- Church: Episcopal Church
- Diocese: Oklahoma
- Elected: September 19, 1987
- In office: 1989-2007
- Predecessor: Gerald N. McAllister
- Successor: Edward J. Konieczny
- Previous post: Coadjutor Bishop of Oklahoma (1988-1989)

Orders
- Ordination: May 29, 1967 by J. Milton Richardson
- Consecration: February 6, 1988 by Edmund Lee Browning

Personal details
- Born: July 23, 1939 (age 86) Baltimore, Maryland, United States
- Denomination: Anglican
- Education: Rice University, University of Texas
- Alma mater: Virginia Theological Seminary

= Robert M. Moody =

American bishop

Robert Manning Moody (born July 23, 1939) was bishop of the Episcopal Diocese of Oklahoma from 1989 to 2007.

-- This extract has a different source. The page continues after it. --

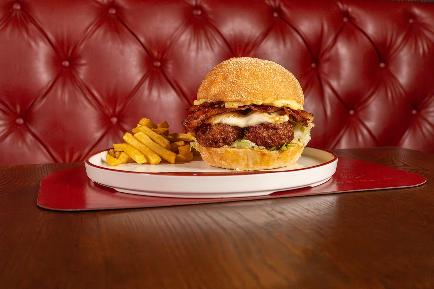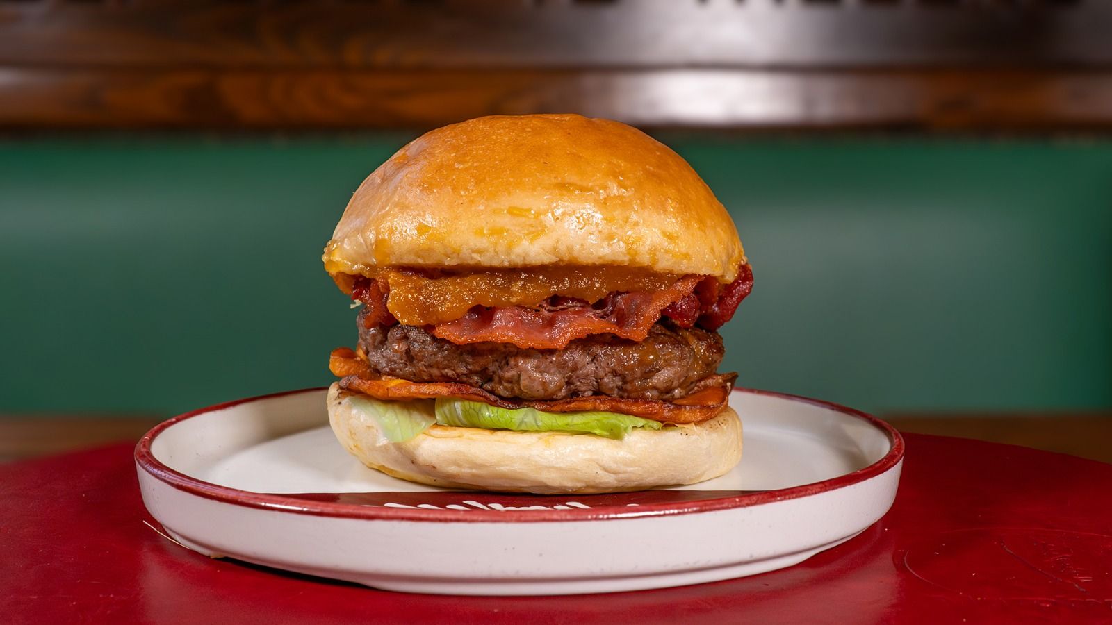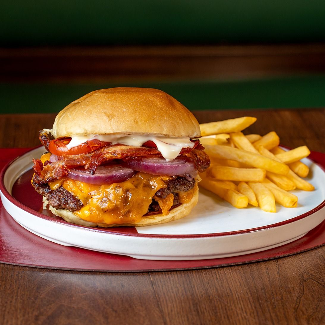 Two ML smashed hamburgers, topped with melted Red Leicester cheddar, crispy bacon, oven-roasted tomato, and caramelized Tropea onion with basil.

==Early life and education==
Born in Baltimore, Maryland, his father, a physician, moved his family to Houston, Texas, where they were members of St Martin's parish. Moody attended the local public schools and graduated from Rice University in 1962, and from the University of Texas the following year. His parish then sponsored him at the Virginia Theological Seminary, where he decided to become a priest. He received a Master of Divinity in 1966. He would later return and receive an honorary Doctor of Divinity in 1988.

==Ordained ministry==
Ordained as a deacon on June 21, 1966, he was ordained to the priesthood on May 29, 1967, by Bishop J. Milton Richardson. After ordination, he became a chaplain at Baylor University 1966–1968, then priest in charge of St Matthew's church in Waco, Texas, and vicar at St James Church in McGregor, Texas before becoming an assistant at the Church of St John the Divine in Houston, Texas, and serving at St James Church in Riverton, Wyoming. He served as rector of Grace Church in Alexandria, Virginia (1985-1987) prior to his election as Bishop of Oklahoma.

==Episcopacy==
Moody was elected as the Coadjutor Bishop of Oklahoma on September 19, 1987, at St Paul's Cathedral on the first ballot. He was then consecrated to the episcopate on February 6, 1988, with Presiding Bishop Edmond L. Browning as chief consecrator. During his episcopate, he dealt with the aftermath of the bombing of the Murrah Federal Building. His involvement included evacuating a housing development, providing pastoral assistance in a nearby hospital, and distributing over $500,000 to those in financial need.

He also pursued an active ministry among Native Americans, appointing an Indian missioner and developing a center for Indian ministry in Watonga, Oklahoma. He retired in 2007.